Dalam kunjungannya, Ahmad Luthfi menyerahkan hewan kurban berupa sapi seberat 906 kilogram. Ia juga berkeliling mengecek fasilitas huntara dan berdialog langsung dengan masyarakat untuk memastikan kelayakan tempat tinggal mereka.

“Kami mengecek huntara ini untuk memastikan tidak ada keluhan dari masyarakat. Mereka sudah digeser ke sini dan merasa nyaman,” ujar Ahmad Luthfi usai meninjau lokasi.

Gubernur mengapresiasi kondisi huntara yang bersih, rapi, dan memiliki fasilitas memadai. Pada momen tersebut, ia juga membagikan alat tulis serta mainan kepada anak-anak di lokasi pengungsian.

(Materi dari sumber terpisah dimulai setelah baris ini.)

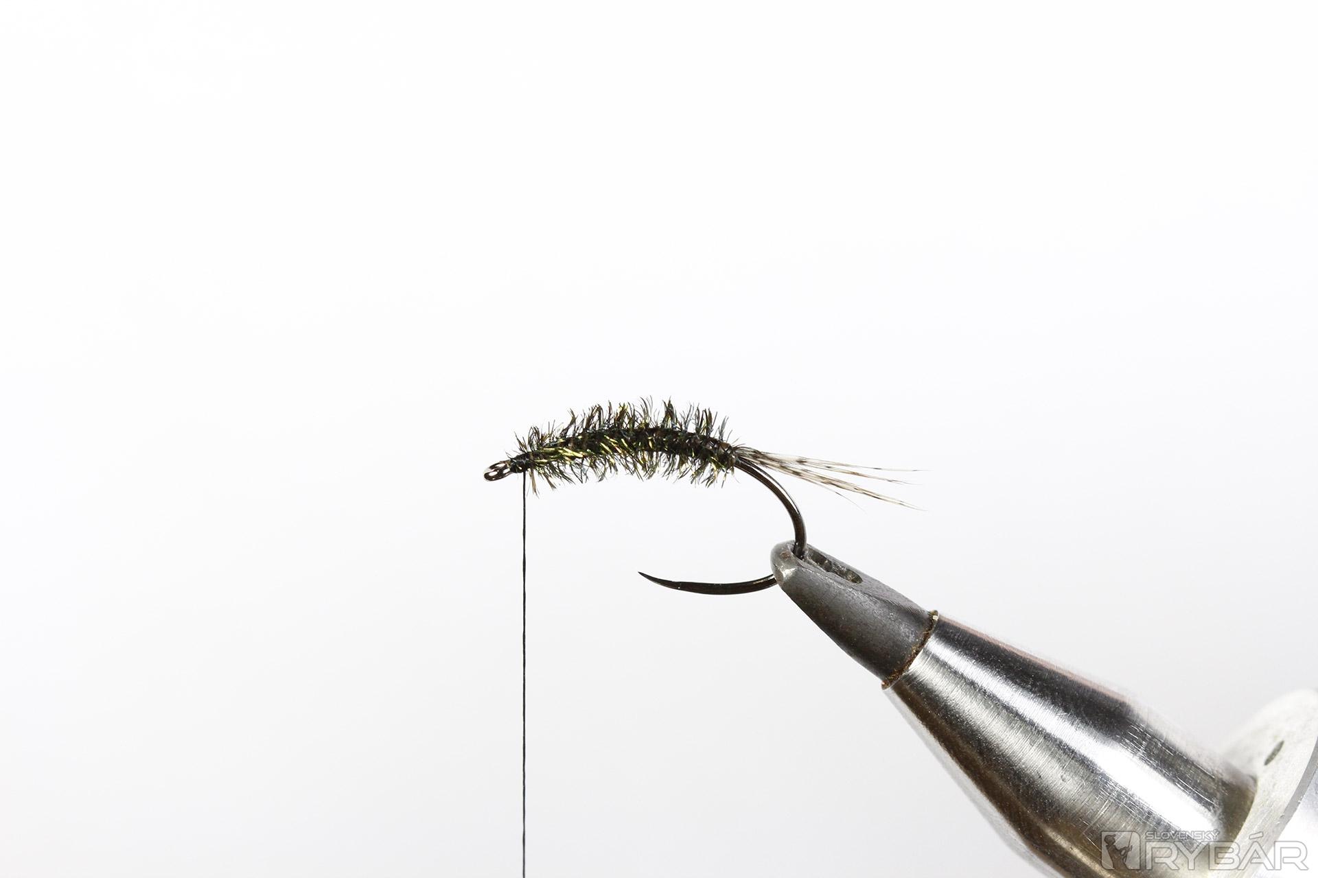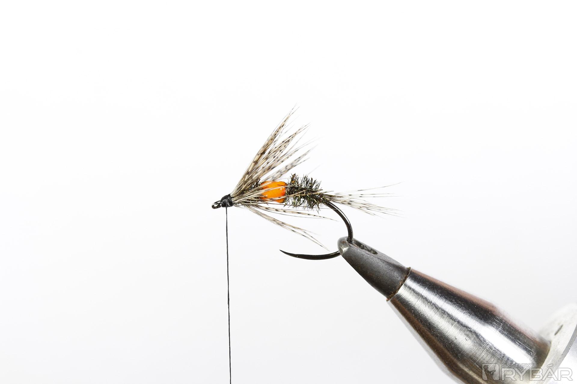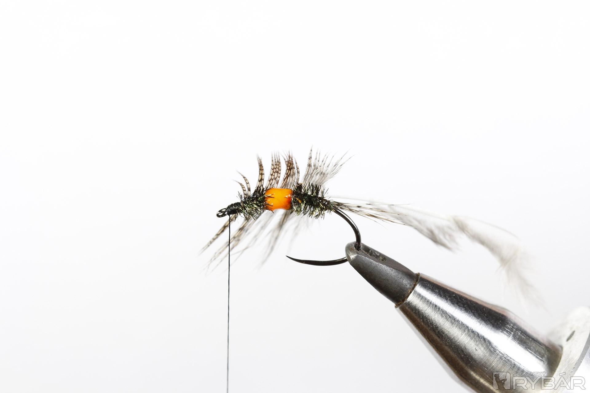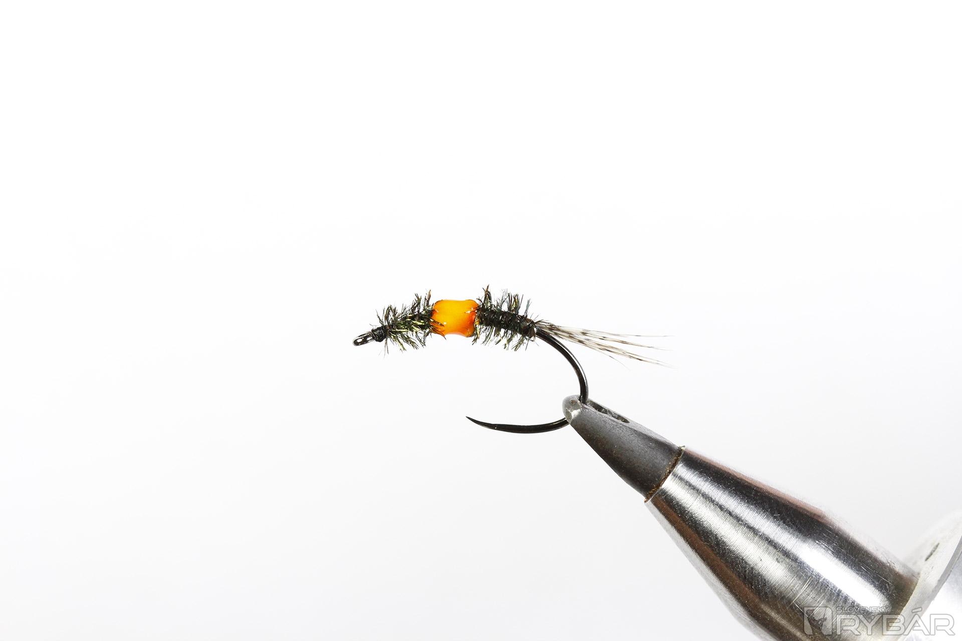 Materiály: pupový háčik, pierka z jarabice, čierna viazacia niť, oranžová viazacia niť, pierko z chvosta páva, oranžový UV lak.

Bencana tanah gerak pada Februari 2026 lalu telah merusak sekitar 900 rumah warga di Desa Padasari. Sebagai langkah cepat, Pemprov Jateng bersama Pemkab Tegal dan pemerintah pusat membangun huntara modular di atas lahan seluas 47 ribu meter persegi.

Saat ini, sebanyak 456 unit huntara tahap pertama telah selesai dibangun lengkap dengan listrik, air bersih, tempat ibadah, dan pos kesehatan.

Ahmad Luthfi menegaskan bahwa pemerintah kini sedang mematangkan penyediaan lahan untuk pembangunan hunian tetap. Jika huntap sudah selesai, hak milik rumah dan tanah akan sepenuhnya menjadi milik warga.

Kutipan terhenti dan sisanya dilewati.